Python WayBack Machine for web archive replay

Project description

https://travis-ci.org/ikreymer/pywb.svg?branch=0.9.0b https://coveralls.io/repos/ikreymer/pywb/badge.svg?branch=0.9.0b https://img.shields.io/gratipay/ikreymer.svg

pywb is a python implementation of web archival replay tools, sometimes also known as ‘Wayback Machine’.

pywb allows high-quality replay (browsing) of archived web data stored in standardized ARC and WARC.

The replay system is designed to accurately replay complex dynamic sites, including video and audio content and sites with complex JavaScript.

The software can run as a traditional web application or an HTTP or HTTPS proxy server, and has been tested on Linux, OS X and Windows platforms.

pywb is also fully compliant with the Memento protocol (RFC-7089).

Getting Started – Run your own Wayback Machine

With release 0.9.0, pywb provides new simplified, directory-based init system to create and run your own Wayback Machine directly from archive collections on disk.

A new utility, wayback-manager performs the most common collection management tasks from the command line.

  1. Ensure that Python 2.6 or 2.7 is installed on your machine (Python 2.7.3+ strongly recommended).

  2. (Optional) For best results, setup a clean environment with virtualenv: virtualenv /tmp/pywb-env; source /tmp/pywb-env/bin/activate

  3. pip install pywb==0.9.0b1

  4. Create a new directory for your archive, eg: mkdir ~/myarchive; cd ~/myarchive

  5. Init a collection: wayback-manager init my_coll

  6. (Optional) If you do not have any archive files, (WARCs or ARCs), you may create one by using the free https://webrecorder.io service. For example, you may visit https://webrecorder.io/record/http://example.com, then (after a few seconds) click “Download -> Web Archive (WARC)” to get the WARC file (.warc.gz)

  7. If you have any existing archive files (WARCs or ARCs), add them to your collection with: wayback-manager add /path/to/mywarc.warc.gz

  8. Run wayback

  9. Point your browser to http://localhost:8080/my_coll/<url>/ where <url> is a url in your WARC file.

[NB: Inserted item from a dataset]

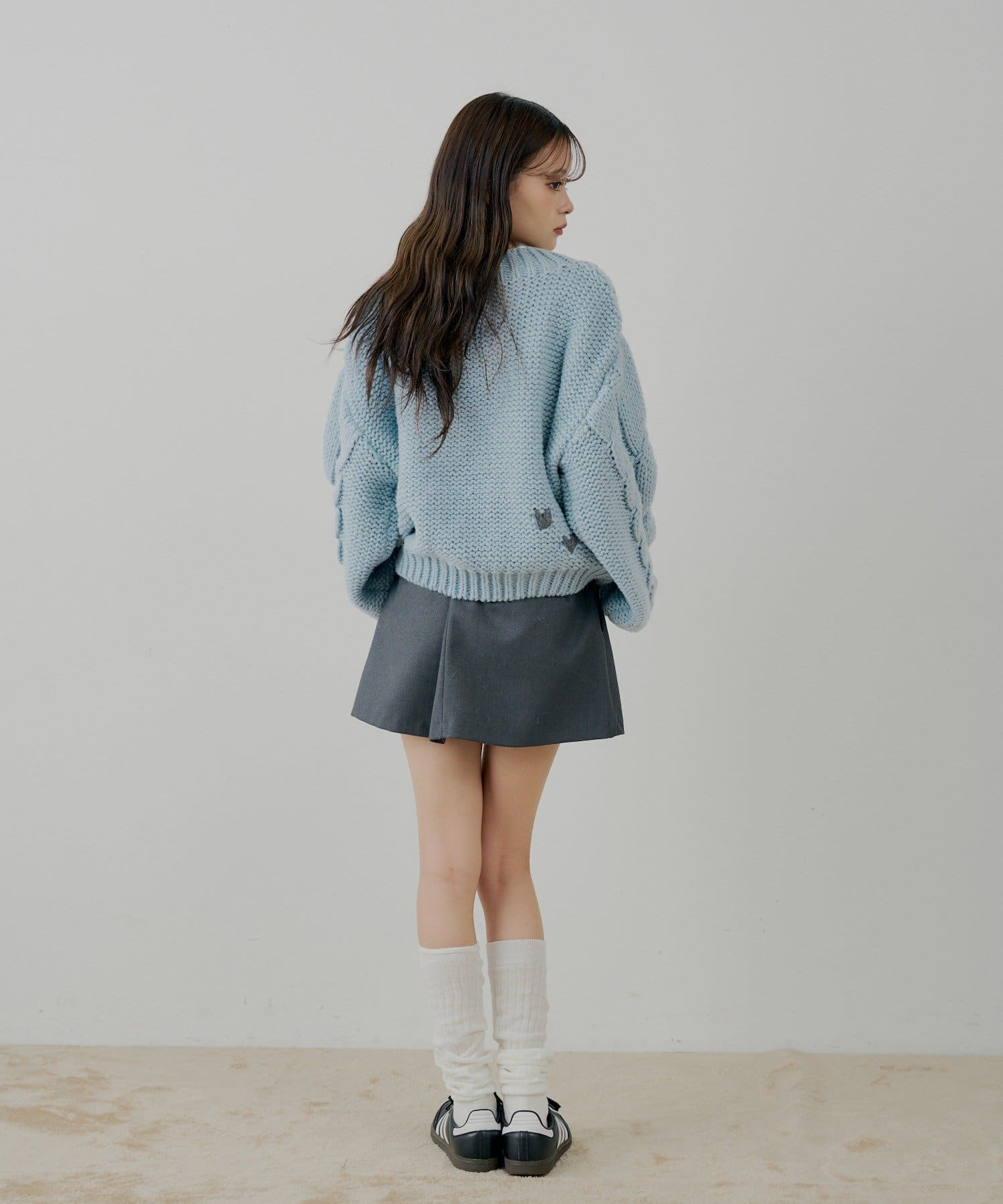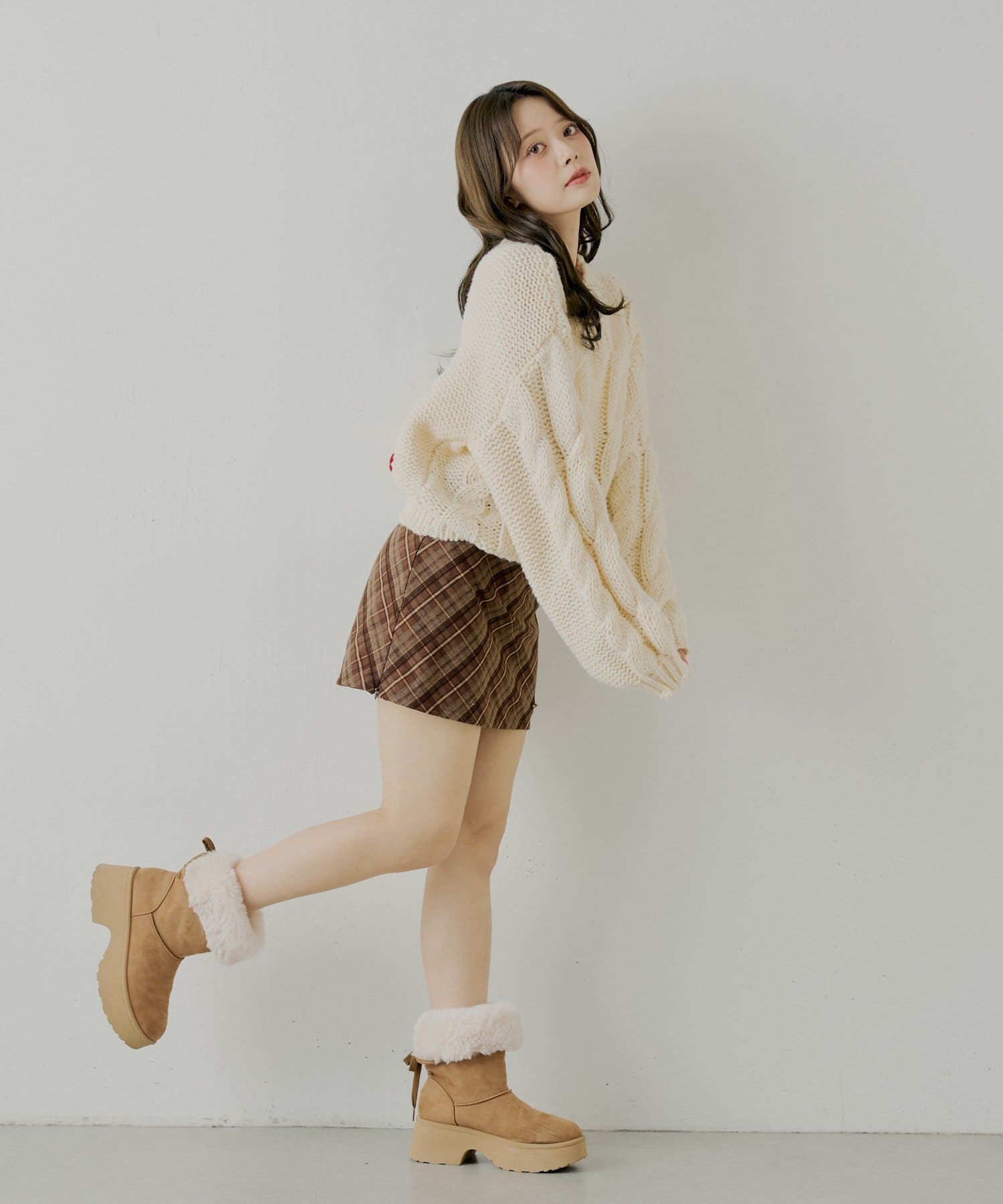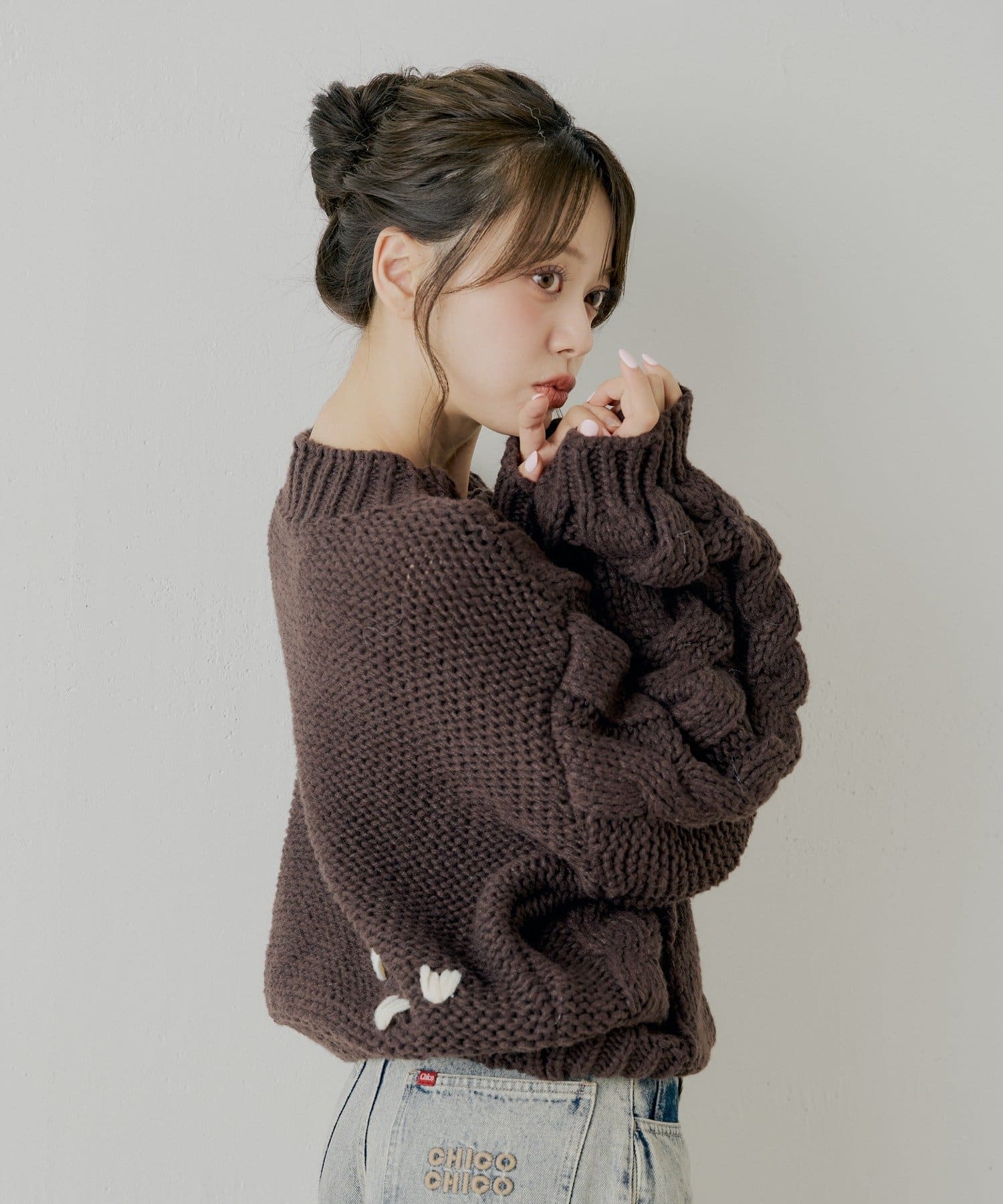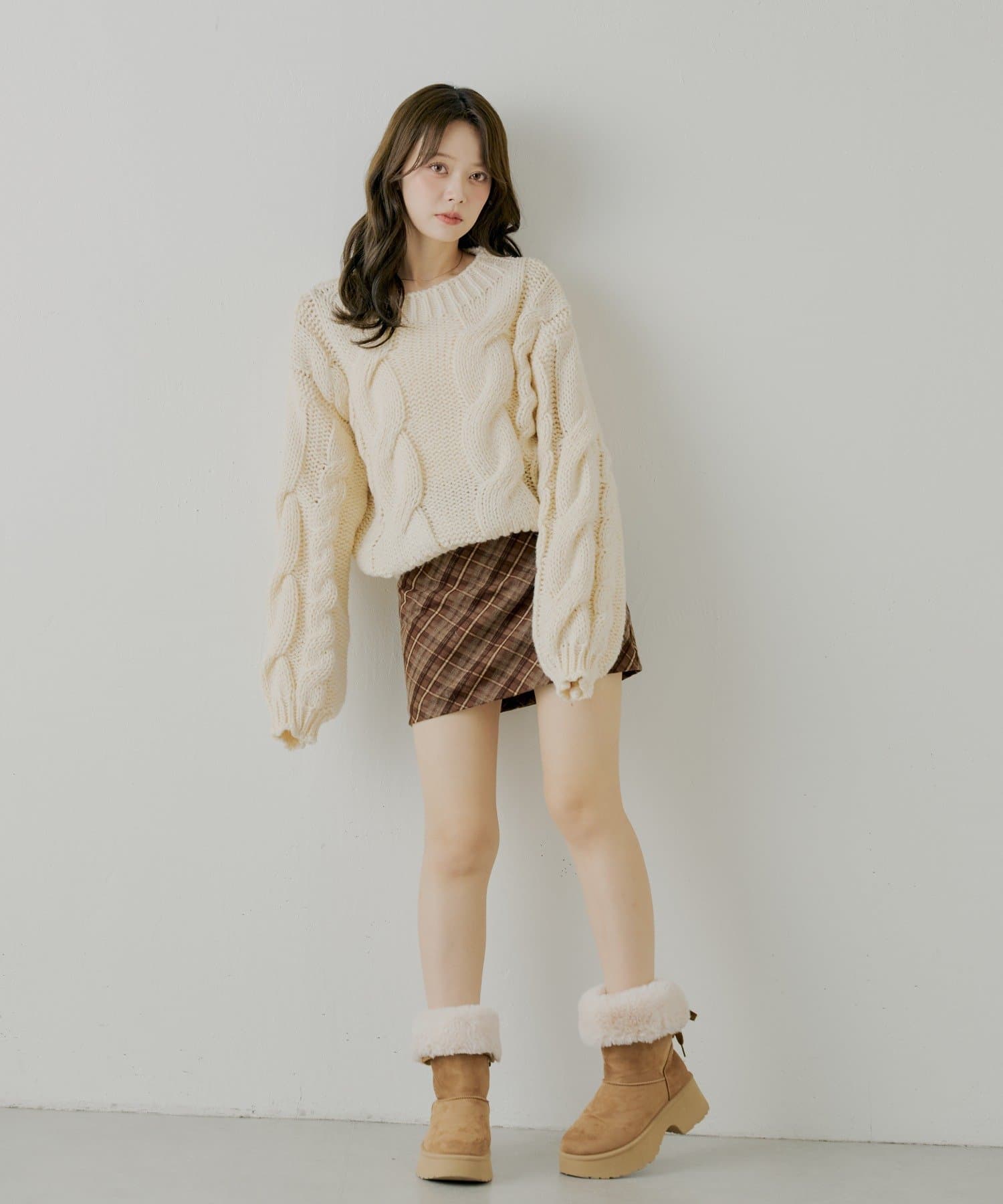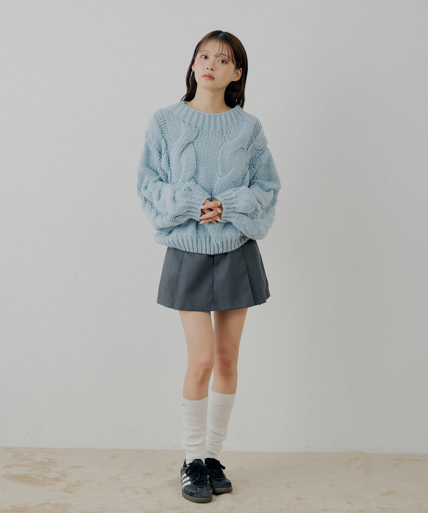 ・ふっくらとしたケーブル編みが目を惹くローゲージニットは、着るだけでトレンド感溢れるスタイリングに。

    (If you just recorded http://example.com/, you should be able to view http://localhost:8080/my_coll/http://example.com/)

  10. If all worked well, you should see replay of <url>.

Congrats, you are now running your own Wayback Machine!

A more detailed tutorial is available on the wiki.

Legacy installation instructions contain additional information and testing examples, and use a custom config.yaml file. These instructions are from previous releases but still apply for pywb 0.9.0.

Running Samples and Tests

To run the bundled samples (also used by test suite), you’ll need to clone pywb locally:

  1. git clone -b 0.9.0b https://github.com/ikreymer/pywb.git

  2. python setup.py install

  3. wayback to run samples

  4. Browse to http://localhost:8080/pywb/*/example.com to see capture of http://example.com

To run tests on your system, you may run python setup.py test

(A few tests require the optional pyopenssl package and are skipped if the package is not installed)

Additional Samples and Other Projects

Additional (older) samples can be found in the pywb-samples repository.

For additional reference on how pywb is being used, you may check some of the public projects using with pywb

Desktop Web Archive Player

There is now alos a downloadable point-and-click Web Archive Player which provides a native OS X and Windows application for browsing web archives, built using pywb.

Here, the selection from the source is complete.